I've always had a special fondness for my novella, Second Chance. I never re-read it after it was published, but my memories of it were good. It never sold and I never promoted it (for reasons I outlined in my previous post). Yesterday I began pondering "fixing" it. I'm not ready to start something new and it would be great to move some of my back catalog.

I opened the doc and immediately recognized that the opening isn't ideal. An intriguing opening is essential, because most potential book buyers will read a book's preview before making a purchasing decision. I certainly do. I can fix it, but I haven't thought much about how to do that yet. At this point I'm more interested in reacquainting myself with the story.
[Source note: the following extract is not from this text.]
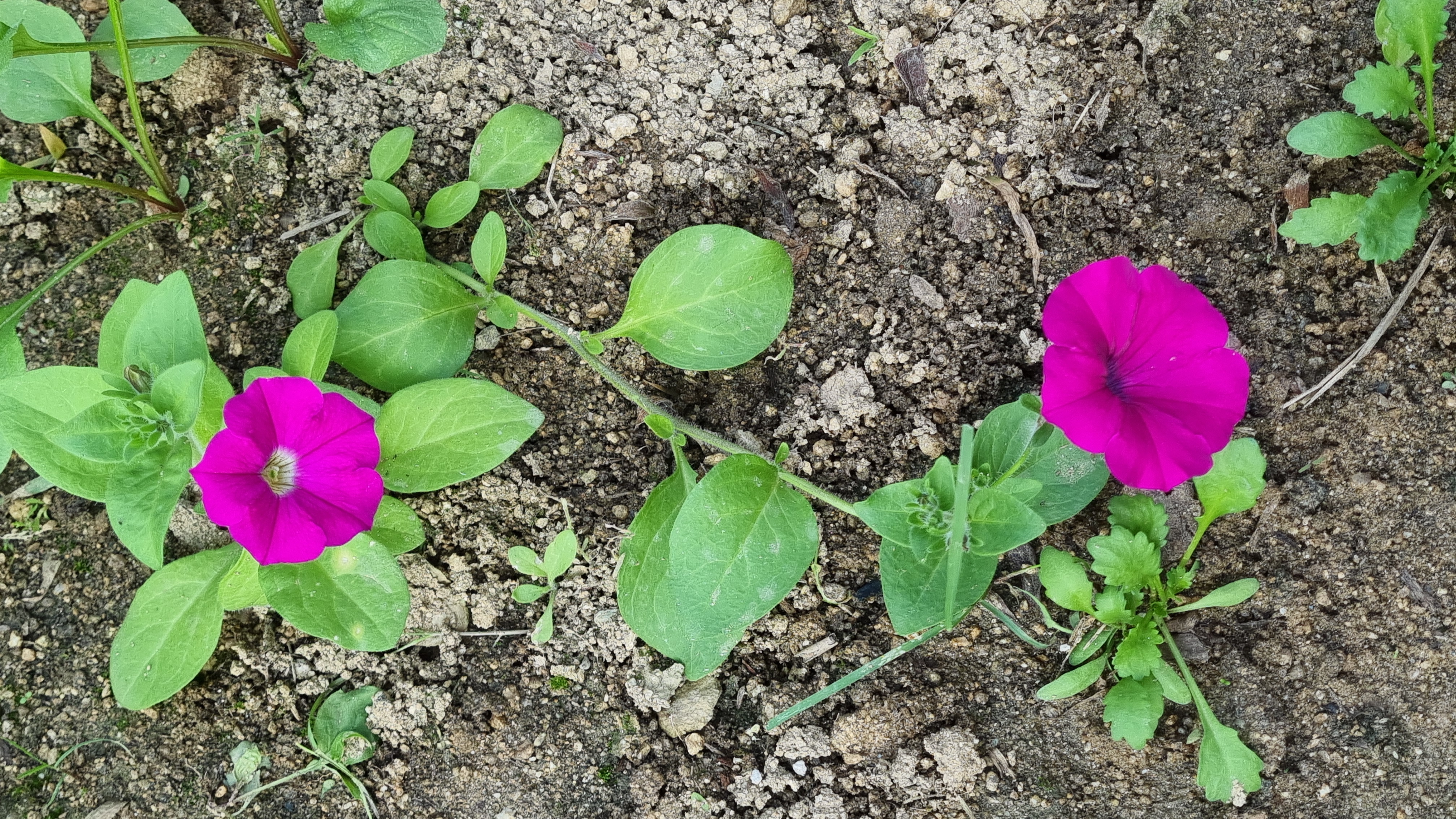 페츄니아 자연발아(Self-seeding)는 식물이 스스로 씨앗을 떨어뜨려 다음 해에 새로운 개체로 성장하는 자연스러운 현상입니다.

I also fell into the same trap that I did with my second novel, for which an agent informed me that my main character wasn't likeable. This one is a bit different, though, because the MC starts out being supremely cynical, then later morphs into a regular person. There's an obvious reason for that, but starting out with an unlikable main character is the kiss of death. It's difficult for me to portray someone trapped in a hopeless, dead-end situation and not make her cynical. What's she supposed to do ~ break down in tears every day? Changing this is going to be a challenge.

The second thing I noticed was an overuse of profanity. I'm obviously not against profanity or I wouldn't have used it in the first place, and sorry, but replacing an exclamation like "Fuck!" to "Fiddlesticks!" is nuts, That said, though I'm not writing for a Christian audience, too much profanity can be off-putting.

And what I considered a "cute" running joke at the time about everyone in her new town being related to everyone else turned into a tired cliche. I notice that I began running out of familial relationships and starting using terms like "his aunt's second husband's nephew's wife". While I like the concept as a whole, I went too far overboard with it. (I know I was amusing myself at the time, but I could have still done that and then deleted!)

On the plus side, once the story gets moving, my dialogue and setting descriptions are quite fabulous. I was impressed. I'm consistently great with dialogue, but settings are my downfall. My writing mind, I guess, doesn't think in terms of settings. I'm too focused on what's going on in the MC's head. Maybe the main character settling in an unfamiliar town helped. Another plus is that the supporting characters are appropriately quirky.

Then comes my big conundrum. It's one thing to name a song; but a title alone is sterile. And what if the reader doesn't even know the song? What resonance would its title have? I've determined that I'm going to need to describe the essence of the song in my own words and demonstrate its effect on the person hearing it. See, songs are rather crucial to the story, since it completely revolves around live music performances. I'm not just throwing in songs "because". In one instance a character is sending a veiled message to someone by choosing to sing a particular song onstage. The lyrics would drive a nail through that message, but alas, that's just not in the cards.

Oh, one more thing: I think the cover will need to be changed. It's not that I don't like it, but I suppose it screams "western movie" or God forbid, "romance". 

If I hated this book the way I hated Radio Crazy, revising it would be excruciating. But I really like this story! I want to make it shine and also make it sell. Silly or not, I'm excited about the rework.